About this task:
Your answer is the lines below, exactly, from the one that contains "Erkek çocuklar için" through the one that contains "This Mediterranean villa", both included.

Information supplied:
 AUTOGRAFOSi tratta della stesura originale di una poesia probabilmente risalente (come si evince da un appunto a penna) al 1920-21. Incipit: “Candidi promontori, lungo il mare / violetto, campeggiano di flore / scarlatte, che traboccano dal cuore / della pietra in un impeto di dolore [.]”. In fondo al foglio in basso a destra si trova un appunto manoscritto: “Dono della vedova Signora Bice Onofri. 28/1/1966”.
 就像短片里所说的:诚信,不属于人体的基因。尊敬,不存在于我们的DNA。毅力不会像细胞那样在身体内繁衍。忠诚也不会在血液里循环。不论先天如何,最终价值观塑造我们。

---

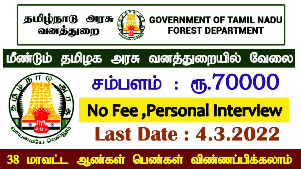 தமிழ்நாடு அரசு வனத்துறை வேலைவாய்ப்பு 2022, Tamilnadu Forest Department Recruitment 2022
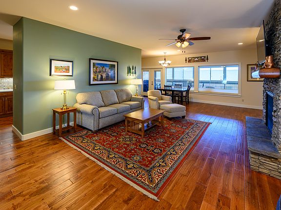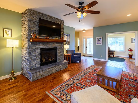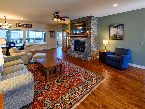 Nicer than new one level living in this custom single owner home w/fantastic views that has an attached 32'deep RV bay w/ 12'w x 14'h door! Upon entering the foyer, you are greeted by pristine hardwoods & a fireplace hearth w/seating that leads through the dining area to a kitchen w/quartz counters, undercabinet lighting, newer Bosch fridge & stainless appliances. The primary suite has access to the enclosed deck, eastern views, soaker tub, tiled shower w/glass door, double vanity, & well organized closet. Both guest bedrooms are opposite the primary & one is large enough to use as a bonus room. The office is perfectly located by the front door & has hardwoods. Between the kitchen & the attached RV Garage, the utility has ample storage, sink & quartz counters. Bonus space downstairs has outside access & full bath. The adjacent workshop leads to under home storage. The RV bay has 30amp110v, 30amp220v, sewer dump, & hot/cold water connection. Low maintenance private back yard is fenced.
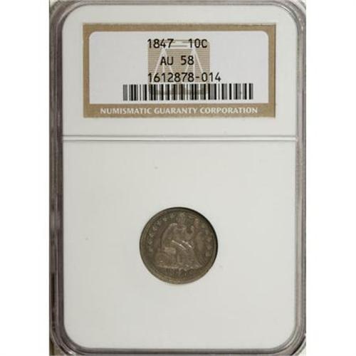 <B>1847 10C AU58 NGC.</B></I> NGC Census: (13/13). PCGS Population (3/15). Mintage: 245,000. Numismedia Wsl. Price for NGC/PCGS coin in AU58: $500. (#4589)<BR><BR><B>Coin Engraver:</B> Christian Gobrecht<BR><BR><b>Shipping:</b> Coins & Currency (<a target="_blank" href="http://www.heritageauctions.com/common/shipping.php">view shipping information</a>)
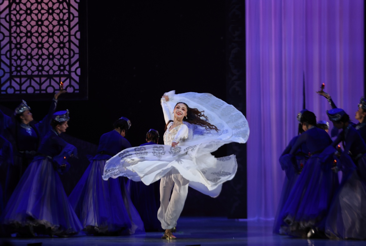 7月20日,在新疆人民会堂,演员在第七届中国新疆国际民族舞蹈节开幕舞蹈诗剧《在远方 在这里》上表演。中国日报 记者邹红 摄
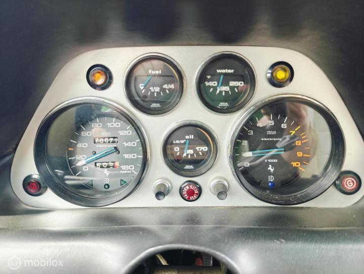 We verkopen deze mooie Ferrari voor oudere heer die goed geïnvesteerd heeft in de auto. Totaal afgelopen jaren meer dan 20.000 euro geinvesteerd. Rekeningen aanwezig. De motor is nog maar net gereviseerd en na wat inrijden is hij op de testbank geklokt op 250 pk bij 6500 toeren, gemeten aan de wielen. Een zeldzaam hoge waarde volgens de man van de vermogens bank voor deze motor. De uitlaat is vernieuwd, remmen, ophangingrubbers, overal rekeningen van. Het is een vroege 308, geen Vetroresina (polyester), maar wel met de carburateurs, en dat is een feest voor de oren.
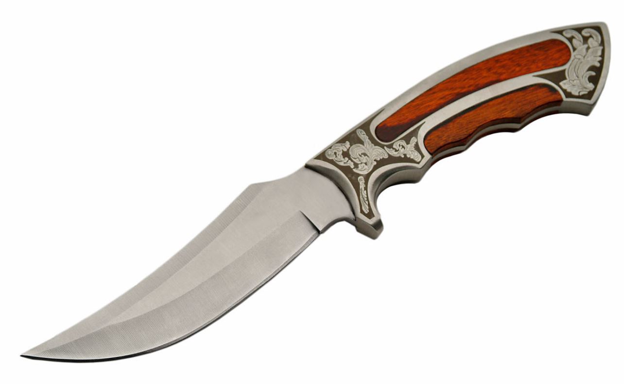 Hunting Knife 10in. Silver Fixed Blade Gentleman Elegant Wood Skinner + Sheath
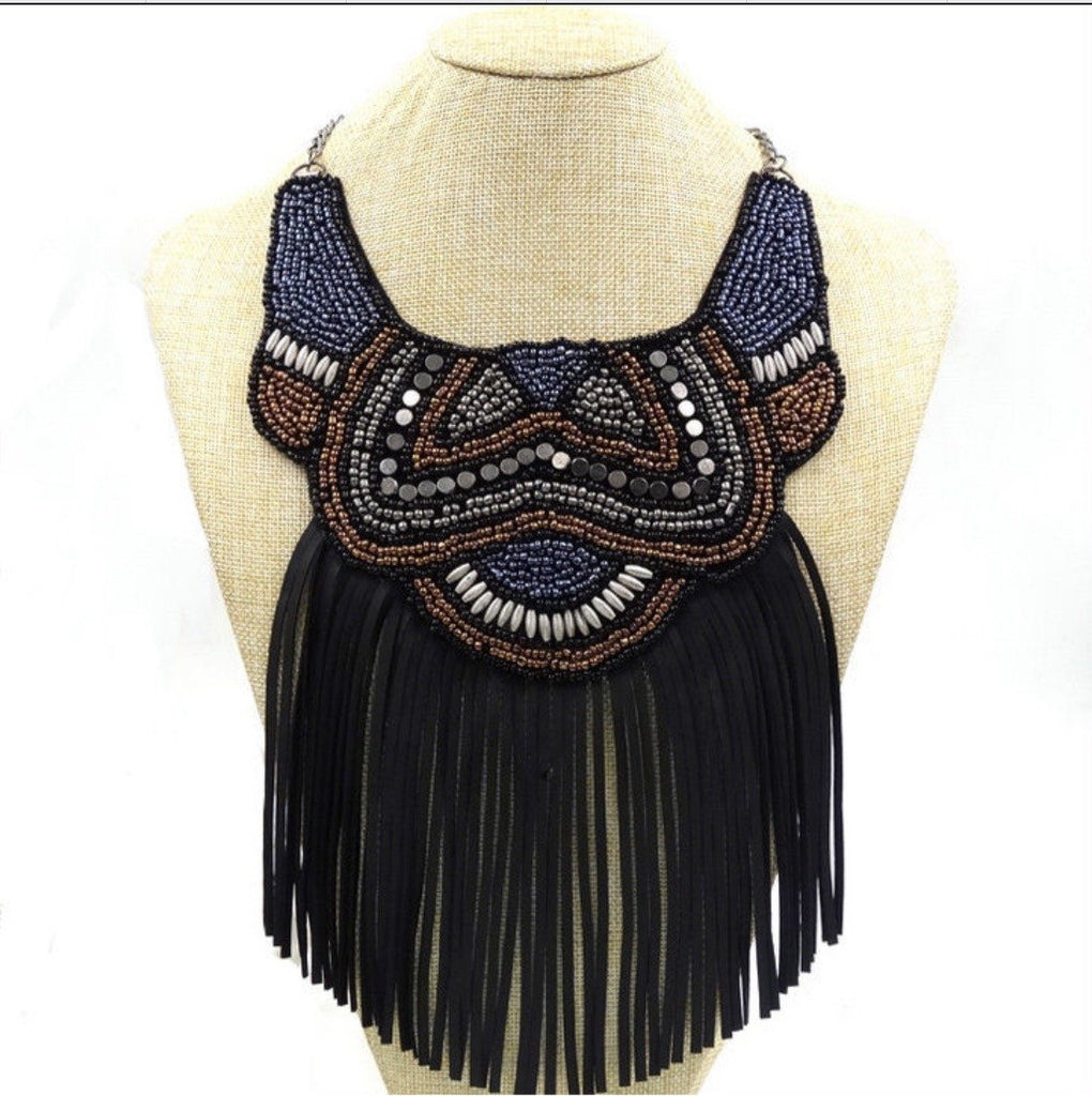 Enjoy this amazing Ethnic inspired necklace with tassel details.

* * *

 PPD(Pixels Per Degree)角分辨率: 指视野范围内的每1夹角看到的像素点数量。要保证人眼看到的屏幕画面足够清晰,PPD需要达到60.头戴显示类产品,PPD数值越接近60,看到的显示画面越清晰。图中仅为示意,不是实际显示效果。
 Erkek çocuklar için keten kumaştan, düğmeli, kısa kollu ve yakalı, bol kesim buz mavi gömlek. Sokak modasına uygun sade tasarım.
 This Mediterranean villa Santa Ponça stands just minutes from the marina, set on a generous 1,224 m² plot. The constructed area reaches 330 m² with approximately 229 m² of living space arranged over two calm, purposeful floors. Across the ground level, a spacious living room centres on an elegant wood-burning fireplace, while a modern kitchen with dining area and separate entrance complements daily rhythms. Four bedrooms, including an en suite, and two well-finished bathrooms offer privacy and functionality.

Task solution:
 Erkek çocuklar için keten kumaştan, düğmeli, kısa kollu ve yakalı, bol kesim buz mavi gömlek. Sokak modasına uygun sade tasarım.
 This Mediterranean villa Santa Ponça stands just minutes from the marina, set on a generous 1,224 m² plot. The constructed area reaches 330 m² with approximately 229 m² of living space arranged over two calm, purposeful floors. Across the ground level, a spacious living room centres on an elegant wood-burning fireplace, while a modern kitchen with dining area and separate entrance complements daily rhythms. Four bedrooms, including an en suite, and two well-finished bathrooms offer privacy and functionality.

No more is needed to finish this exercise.